Nothing worked until 1992 when the Innocence Project came along, and they started to tell a whole new story: There are people who have been convicted of murder, sentenced to death, and executed for their crimes who were later exonerated due to DNA evidence. We are making mistakes that can never be corrected because of this system. In other words, the story became innocent people have been killed due to this law, due to this system, and to that people couldn’t simply shake their heads and say, “An eye for an eye,” because now we were talking about cases where, metaphorically, the eye had not been taken.
We started to see a sea change. [According to a CNN poll] as of October of 2011, after years and years of advocacy and years and years of getting these stories out there, for the first time in the history of polling the number passed 50 percent of Americans who favor a life sentence over the death penalty. If you talked to people who work on this issue, they’ll tell you that certainly the science advanced and we have more evidence. But it was the stories that got out through the media and through television and movies that told the stories of the wrongly accused and wrongly convicted that started to change the way people think.
To me, that’s the most classic example where the only way to change how people think on a large scale is to dislodge the existing story in their head, and give them a new story that makes more sense to them.
A Win-Win Partnership to Vaccinate More Children
In this excerpt from the interview, Andy Goodman shares an example of a nonprofit and a for-profit partnering to help vaccinate more children against maternal and neonatal tetanus. Both supported the goal of more vaccinations but had to appeal to different audiences to achieve it.

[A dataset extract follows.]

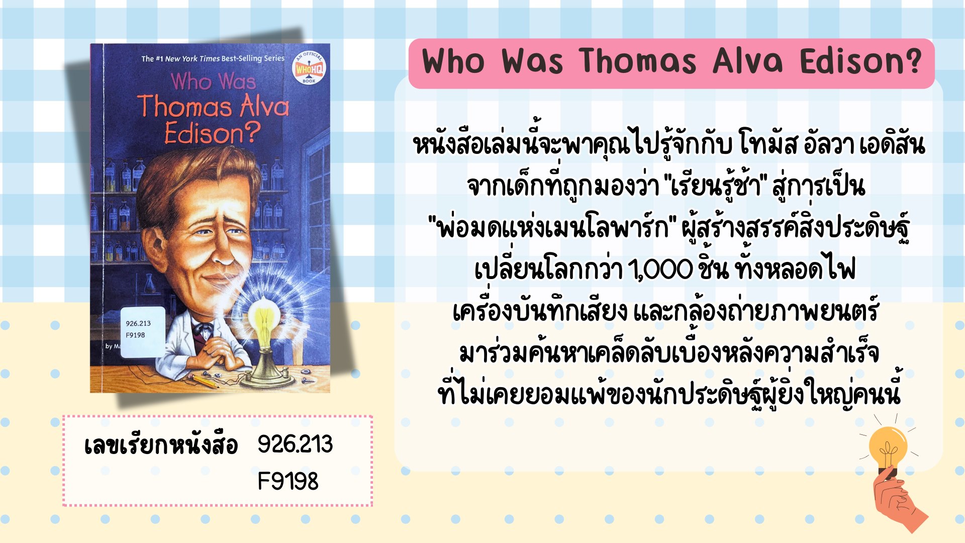 สวัสดีค่ะ วันนี้พี่บรรณนี่ได้มีหนังสือชีวประวัติของบุคคลที่มีชื่อเสียงในด้านต่าง ๆ เข่น นักร้อง นักประดิษฐ์หลอดไฟ

I just spoke at The Cause Marketing Forum. This was for both nonprofits and corporations who come together for cross-marketing campaigns. A classic success story I heard about was an effort between Procter and Gamble (P&G) and UNICEF to help pay for more vaccines against maternal and neonatal tetanus. So P&G came up with a campaign where for certain packages of Pampers® that you bought, the purchase price would also pay for one vaccine for a child in Africa to be vaccinated against tetanus.
From UNICEF's point of view, it’s all about, “How do we protect more kids?” From P&G’s point of view, yes, they certainly want to do that, too. But the main attraction for them, to be perfectly honest, was that when you go in the focus groups and talk to people about diapers, there are certain buyers out there, they call them Private Label Loyalists, who will just basically buy the cheapest diaper because they’re on kid number two, three, or four. They know the kid’s not going to drop dead depending on what diaper you give them. And they’re basically shopping for price. So to them, it’s all the same.
But in focus groups they said to them, “Well, hold on a second. Look at this package of Pampers. If you buy this, it’ll pay for one vaccination to save one life in the third world. Would that make a difference to you?” And to that, these Private Label Loyalists said, “Yes,” and that they would buy it. In fact, it became a hugely successful campaign that was rolled out in Western Europe and eventually went global because it sold more Pampers.
Now, that’s a cause marketing success story. On UNICEF’s side, it’s about a partnership that helped them vaccinate more kids. On P&G’s side it’s about a way to sell more products that also does some good in the world. But depending on who’s telling that story and who they’re telling it to, it’s either about saving kids or building brand loyalty. Same story.
Andy Goodman is a nationally recognized author, speaker and consultant in the field of public interest communications. Along with Storytelling as Best Practice, he is author of Why Bad Ads Happen to Good Causes and Why Bad Presentations Happen to Good Causes. He also publishes a monthly journal, free-range thinking, to share best practices in the field.